Brook Jackson, the Ventavia research director who blew the whistle on Pfizer, had a sterling background at the clinical auditing firm when the decision was made to fire her.


“On its website Ventavia calls itself the largest privately owned clinical research company in Texas and lists many awards it has won for its contract work,” BMJ notes. “But Jackson has told The BMJ that, during the two weeks she was employed at Ventavia in September 2020, she repeatedly informed her superiors of poor laboratory management, patient safety concerns, and data integrity issues. Jackson was a trained clinical trial auditor who previously held a director of operations position and came to Ventavia with more than 15 years’ experience in clinical research coordination and management.”


“Exasperated that Ventavia was not dealing with the problems, Jackson documented several matters late one night, taking photos on her mobile phone,” the report noted. “One photo, provided to The BMJ, showed needles discarded in a plastic biohazard bag instead of a sharps container box. Another showed vaccine packaging materials with trial participants’ identification numbers written on them left out in the open, potentially unblinding participants. Ventavia executives later questioned Jackson for taking the photos.”


The BMJ investigation then notes that significant errors were being found during the clinical trials.


In a recording of a meeting in late September 2020 between Jackson and two directors a Ventavia executive can be heard explaining that the company wasn’t able to quantify the types and number of errors they were finding when examining the trial paperwork for quality control,” the report noted.


“In my mind, it’s something new every day,” a Ventavia executive says. “We know that it’s significant.”


“Ventavia was not keeping up with data entry queries, shows an email sent by ICON, the contract research organisation with which Pfizer partnered on the trial,” the report added.


“The expectation for this study is that all queries are addressed within 24hrs,” ICON reminded Ventavia in a September 2020 email.


“ICON then highlighted over 100 outstanding queries older than three days in yellow,” the report said. “Examples included two individuals for which ‘Subject has reported with Severe symptoms/reactions … Per protocol, subjects experiencing Grade 3 local reactions should be contacted. Please confirm if an UNPLANNED CONTACT was made and update the corresponding form as appropriate.”


The BMJ report also noted the deteriorating quality and quantity of FDA clinical trial audits, suggesting that the agency has been turning a blind eye to pharmaceutical companies and vaccine-makers.


“A former Ventavia employee told The BMJ that the company was nervous and expecting a federal audit of its Pfizer vaccine trial,” the report noted.


“People working in clinical research are terrified of FDA audits,” Jill Fisher told The BMJ. “I don’t know why they’re so afraid of them,” she said.
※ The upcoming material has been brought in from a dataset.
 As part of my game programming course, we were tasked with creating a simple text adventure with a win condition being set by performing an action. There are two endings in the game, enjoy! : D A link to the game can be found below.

Fisher added about a complaint about serious side effects, “You would think if there’s a specific and credible complaint that they would have to investigate that.”


“In 2007 the Department of Health and Human Services’ Office of the Inspector General released a report on FDA’s oversight of clinical trials conducted between 2000 and 2005,” BMJ added as background. :The report found that the FDA inspected only 1% of clinical trial sites.6 Inspections carried out by the FDA’s vaccines and biologics branch have been decreasing in recent years, with just 50 conducted in the 2020 fiscal year.”
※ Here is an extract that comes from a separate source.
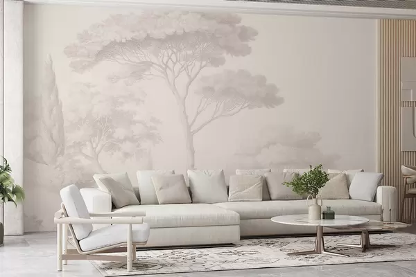 Papel tapiz Tranquilo paisaje forestal en una paleta de colores beige. Nr. w09685

Brook Jackson, who was fired for purportedly not being a ‘good fit,’ listed a dozen issues with Pfizer’s Phase III clinical trials, including:

  • Participants placed in a hallway after injection and not being monitored by clinical staff

  • Lack of timely follow-up of patients who experienced adverse events

  • Protocol deviations not being reported

  • Vaccines not being stored at proper temperatures

  • Mislabelled laboratory specimens, and

  • Targeting of Ventavia staff for reporting these types of problems.

“In Pfizer’s briefing document submitted to an FDA advisory committee meeting held on 10 December 2020 to discuss Pfizer’s application for emergency use authorisation of its covid-19 vaccine, the company made no mention of problems at the Ventavia site,” the report noted. “The next day the FDA issued the authorisation of the vaccine.”